Brief: The records that follow are to be printed exactly, with no images.

Entries taken from a collection:
═══

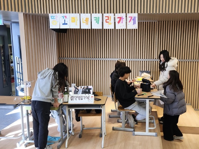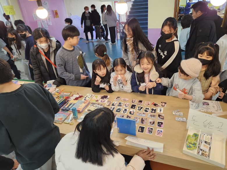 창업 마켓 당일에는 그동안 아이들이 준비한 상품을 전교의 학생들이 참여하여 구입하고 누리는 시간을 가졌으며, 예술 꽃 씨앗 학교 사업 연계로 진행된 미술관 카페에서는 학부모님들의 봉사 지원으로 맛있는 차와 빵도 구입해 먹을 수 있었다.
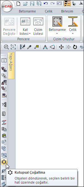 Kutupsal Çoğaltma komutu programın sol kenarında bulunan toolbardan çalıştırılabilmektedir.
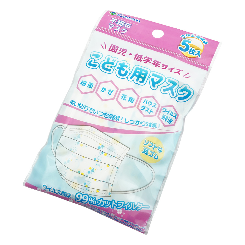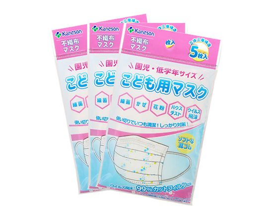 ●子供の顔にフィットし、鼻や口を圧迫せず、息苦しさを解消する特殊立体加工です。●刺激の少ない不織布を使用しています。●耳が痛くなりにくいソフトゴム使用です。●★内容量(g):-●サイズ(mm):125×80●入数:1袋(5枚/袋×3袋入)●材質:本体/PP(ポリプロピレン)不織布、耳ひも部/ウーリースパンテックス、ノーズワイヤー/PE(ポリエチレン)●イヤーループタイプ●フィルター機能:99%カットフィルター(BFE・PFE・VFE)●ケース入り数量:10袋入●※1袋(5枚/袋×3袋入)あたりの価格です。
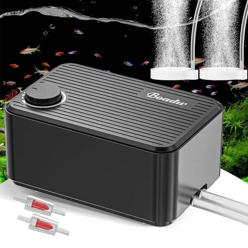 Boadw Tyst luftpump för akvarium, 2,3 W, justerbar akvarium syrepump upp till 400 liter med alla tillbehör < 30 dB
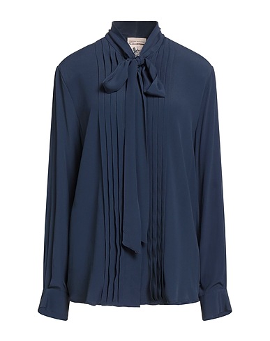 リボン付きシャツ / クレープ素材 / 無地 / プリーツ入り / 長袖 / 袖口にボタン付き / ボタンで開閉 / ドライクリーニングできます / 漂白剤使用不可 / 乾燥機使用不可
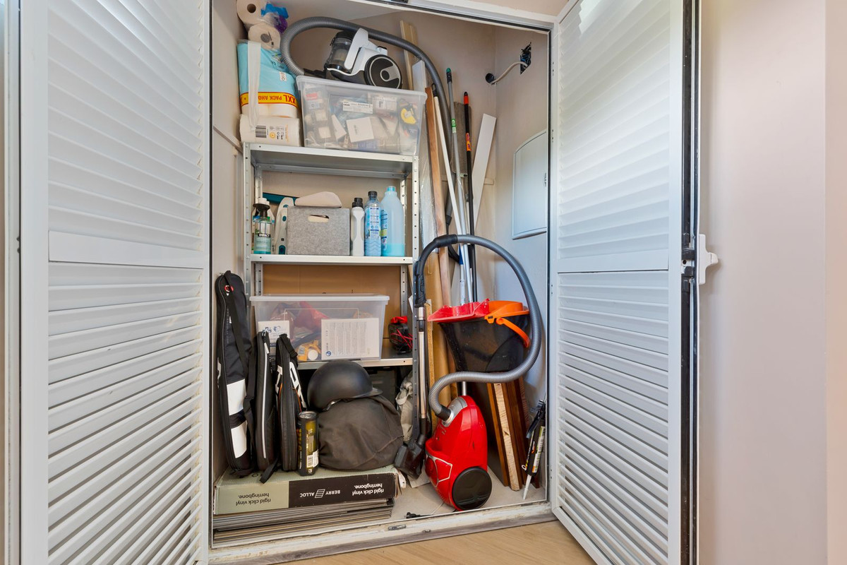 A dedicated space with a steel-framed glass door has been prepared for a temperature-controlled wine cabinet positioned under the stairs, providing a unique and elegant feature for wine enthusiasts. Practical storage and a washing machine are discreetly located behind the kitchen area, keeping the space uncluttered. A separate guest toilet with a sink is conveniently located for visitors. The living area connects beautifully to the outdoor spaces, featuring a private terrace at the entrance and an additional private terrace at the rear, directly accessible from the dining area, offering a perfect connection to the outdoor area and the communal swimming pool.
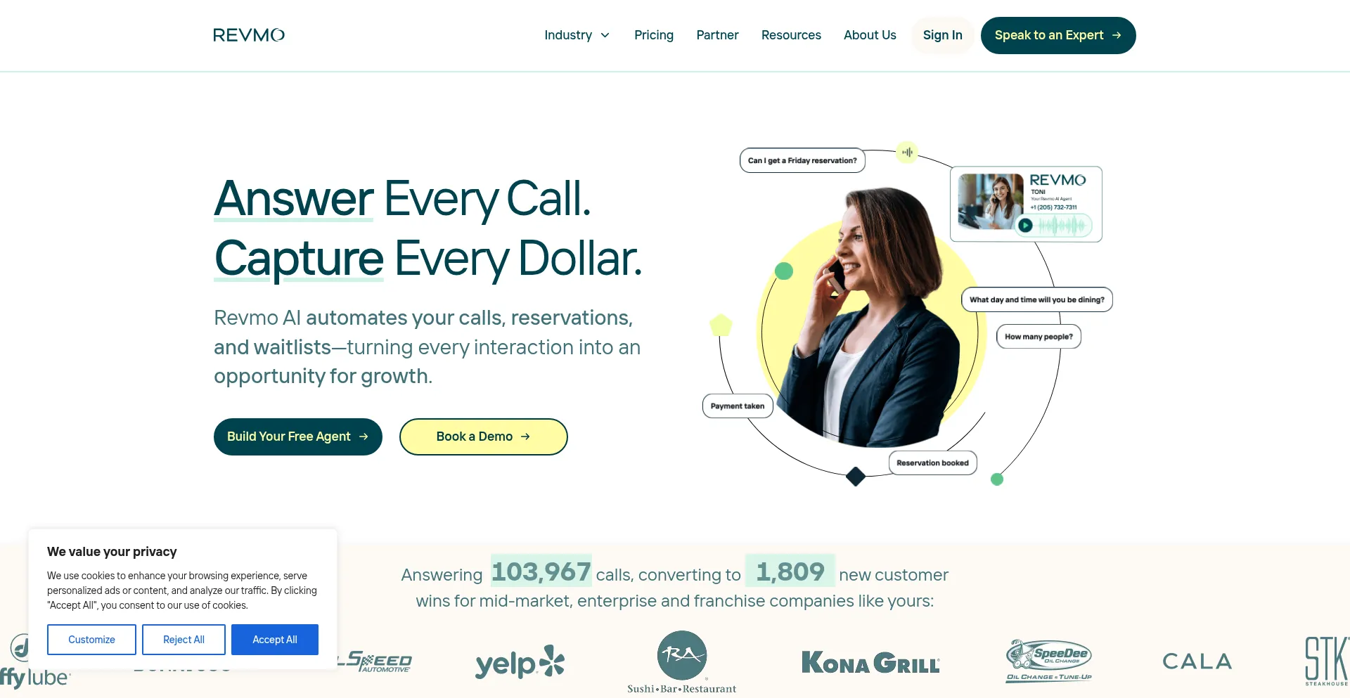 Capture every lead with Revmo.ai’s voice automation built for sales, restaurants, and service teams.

═══

Exercise output:
 창업 마켓 당일에는 그동안 아이들이 준비한 상품을 전교의 학생들이 참여하여 구입하고 누리는 시간을 가졌으며, 예술 꽃 씨앗 학교 사업 연계로 진행된 미술관 카페에서는 학부모님들의 봉사 지원으로 맛있는 차와 빵도 구입해 먹을 수 있었다.
 Kutupsal Çoğaltma komutu programın sol kenarında bulunan toolbardan çalıştırılabilmektedir.
 ●子供の顔にフィットし、鼻や口を圧迫せず、息苦しさを解消する特殊立体加工です。●刺激の少ない不織布を使用しています。●耳が痛くなりにくいソフトゴム使用です。●★内容量(g):-●サイズ(mm):125×80●入数:1袋(5枚/袋×3袋入)●材質:本体/PP(ポリプロピレン)不織布、耳ひも部/ウーリースパンテックス、ノーズワイヤー/PE(ポリエチレン)●イヤーループタイプ●フィルター機能:99%カットフィルター(BFE・PFE・VFE)●ケース入り数量:10袋入●※1袋(5枚/袋×3袋入)あたりの価格です。
 Boadw Tyst luftpump för akvarium, 2,3 W, justerbar akvarium syrepump upp till 400 liter med alla tillbehör < 30 dB
 リボン付きシャツ / クレープ素材 / 無地 / プリーツ入り / 長袖 / 袖口にボタン付き / ボタンで開閉 / ドライクリーニングできます / 漂白剤使用不可 / 乾燥機使用不可
 A dedicated space with a steel-framed glass door has been prepared for a temperature-controlled wine cabinet positioned under the stairs, providing a unique and elegant feature for wine enthusiasts. Practical storage and a washing machine are discreetly located behind the kitchen area, keeping the space uncluttered. A separate guest toilet with a sink is conveniently located for visitors. The living area connects beautifully to the outdoor spaces, featuring a private terrace at the entrance and an additional private terrace at the rear, directly accessible from the dining area, offering a perfect connection to the outdoor area and the communal swimming pool.
 Capture every lead with Revmo.ai’s voice automation built for sales, restaurants, and service teams.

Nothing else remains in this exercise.